Chancey said different flavors take different inspirations, but that many labels are designed with Florida in mind. One of his favorite designs a few years ago was Tropical Vibes, a mango guava whose colorful label design was based on Hawaiian t-shirt designs.

“Our love for Florida is a big deal and we hope it shows in our designs,” he said.

Other favorites include a collection of Star Wars flavors released on May 4th and last year’s Oktoberfest design.

Chancey, who attended a design school, said he liked paying homage to the German Bauhaus, a style that relies on bold patterns. Swamp Head’s design included small pint glasses and pretzels in the pattern.

The German style Oktoberfest lager designed by Adam Chancey for Swamp Head Brewery in Gainesville. [Molly Eveleth/Swamp Head Brewery]

Aphra Adkins is a Maryland based artist working as a graphic designer for Cypress & Grove Brewing Company. As the sister-in-law of Sally Adkins, one of the brewery’s four founders, she said she was happy to be involved in creating beer can art and labels when the brewery asked for a collaboration in October.

So far, she has designed seven cans, Adkins said, although not all of her artwork is in production yet. She also assists Cypress & Grove with the overhaul of the website, menus and overall visual identity.

“I had a lot of fun,” said the 31-year-old. “It’s always great to work with an enthusiastic customer, but it’s a whole other level. It feels really good to be part of it and just be a part of your life. “

For Adkins and Cypress & Grove, the design process is entirely communication based.
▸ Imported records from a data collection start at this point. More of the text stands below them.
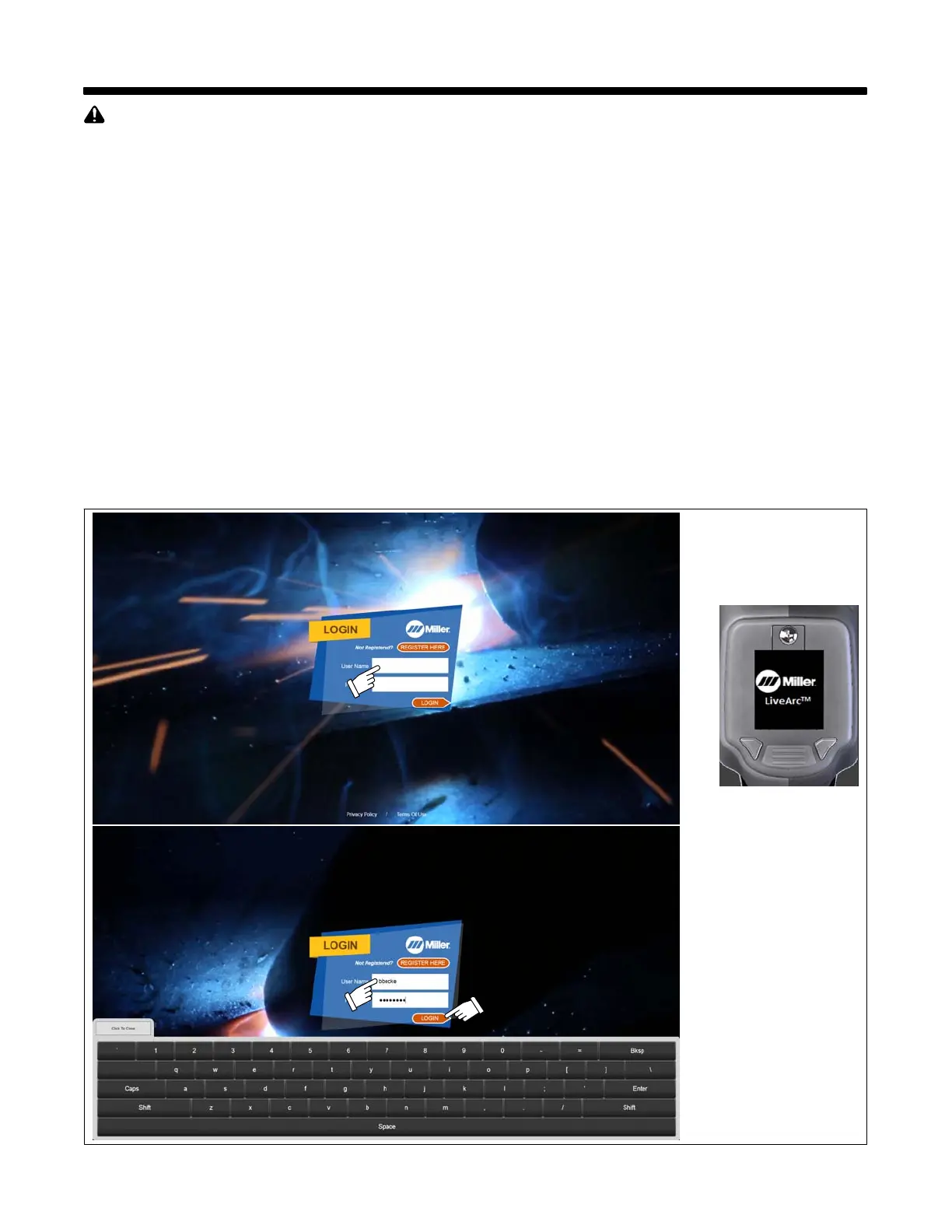 1. Touch User Name window to access keyboard.
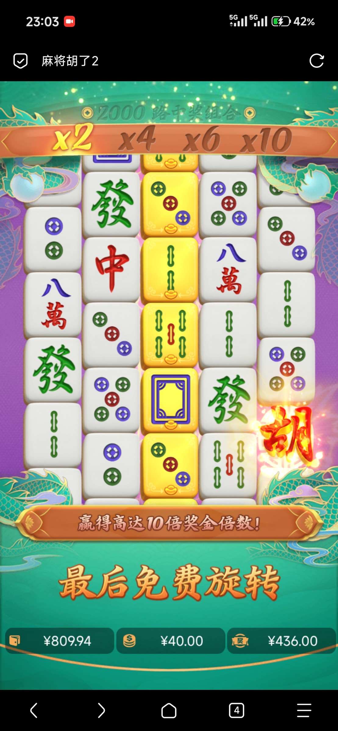 前天晚上麻将2拉了个300倍,两个一百倍
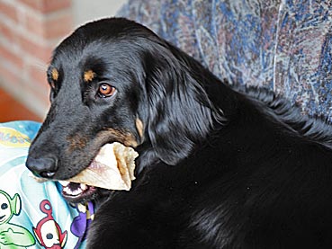 "Als ich hier ankam, habe ich den noch angetroffenen Besuch aufgeschlossen beschnuppert. Auch die Oma und ihre Wohnung habe ich schon kennen gelernt. Die Nachbarn waren auch ganz lieb zu mir.
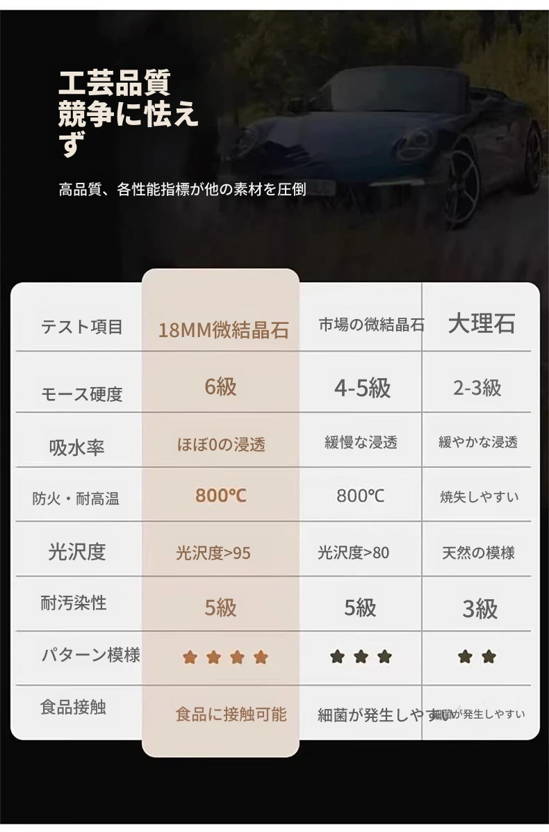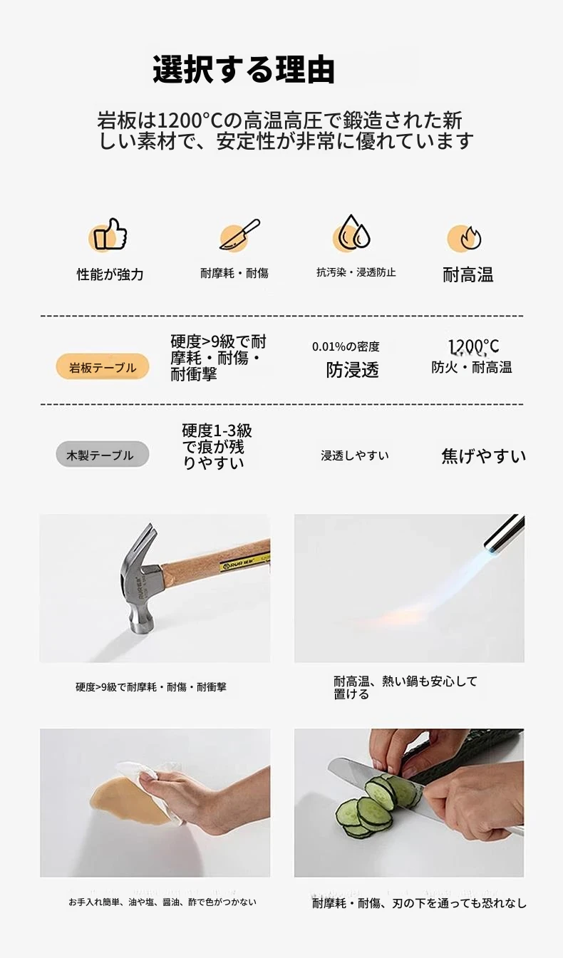 【180*90*75CM】超晶石18mm厚のダイニングテーブル
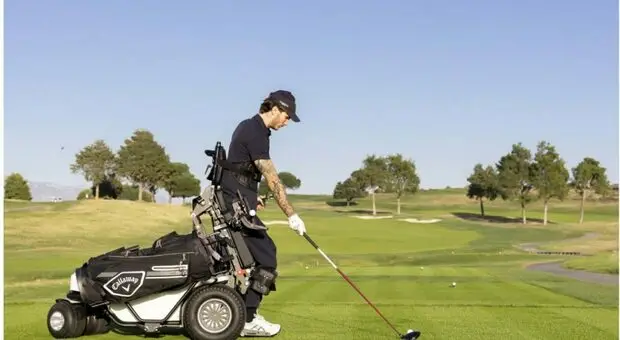 Manuel Bortuzzo si allena a golf al Marco Simone grazie a una macchina speciale. «Che emozione stare in piedi»
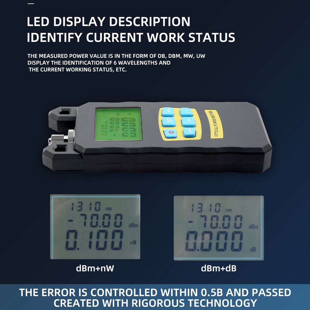 Fiber Optic Optical Power Meter Cable Tester Networks With FC/SC connectors -70~+10dBm
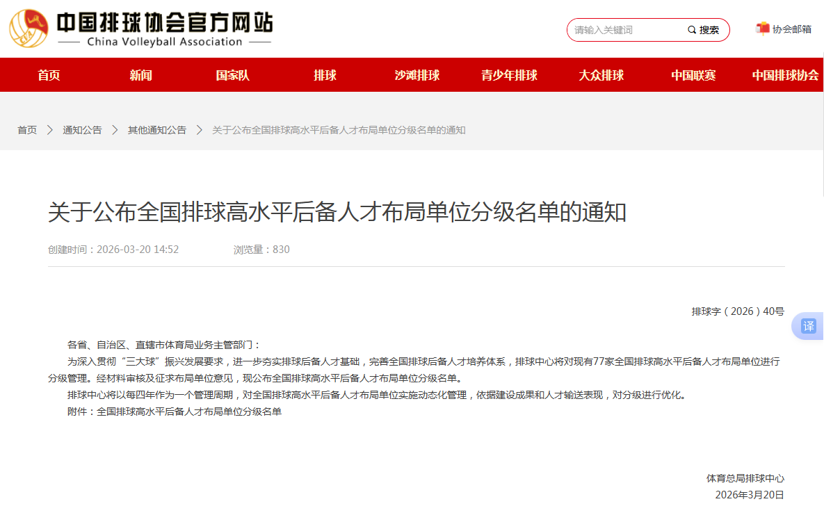 近日,国家体育总局排球运动管理中心正式发布《关于公布全国排球高水平后备人才布局单位分级名单的通知》(排球字〔2026〕40号)。南京市中山东路体育运动学校成功获选,并被评定为最高等级的A级布局单位。在全国入选的77家单位中,A级单位仅27家,标志着学校在排球后备人才培养方面迈入了新阶段。

All five will meet and talk about what feelings and goals the new can art is supposed to show, and no design is done until everyone is satisfied, she said.

Pictured is beer can art for Prairie Ride, an American pale ale produced by the Cypress & Grove Brewing Company and named after the popular Paynes Prairie Preserve State Park in Alachua County.  Aphra Adkins, 31, designed the art.  (Courtesy photo by Aphra Adkins)

It can take anywhere from two weeks to months to finish a piece with all of the discussions and work. But the time and care is needed to help Adkins understand many of the unique Gainesville elements in any brew.

One piece Adkins is proud of is canned art for Prairie Ride, an American pale ale named after the popular Paynes Prairie Preserve State Park in Alachua County. Another is the upcoming Keep Shining, a blonde ale designed for being in the Florida sun and water.

Shown is the beer can art for the upcoming Keep Shining, a blonde ale from Cypress & Grove Brewing Company that was designed around the sun and water of Florida.  Aphra Adkins, 31, is the artist behind the graphic design.  (Courtesy photo by Aphra Adkins)

“I think design is important to everyone, even if they don’t realize it,” she said. “This is where form and function really meet. A can is necessary. It serves a purpose; it has a function. If it is necessary, why shouldn’t it be beautiful?”

Adkins said when she visited her family in Gainesville with her husband and two children last month, not only did she see the prairie firsthand, but Cypress & Grove cans of her art carried for sale at Ward’s Supermarket. One day, perhaps on her next visit, she hopes to use her art to collect and save one of every can.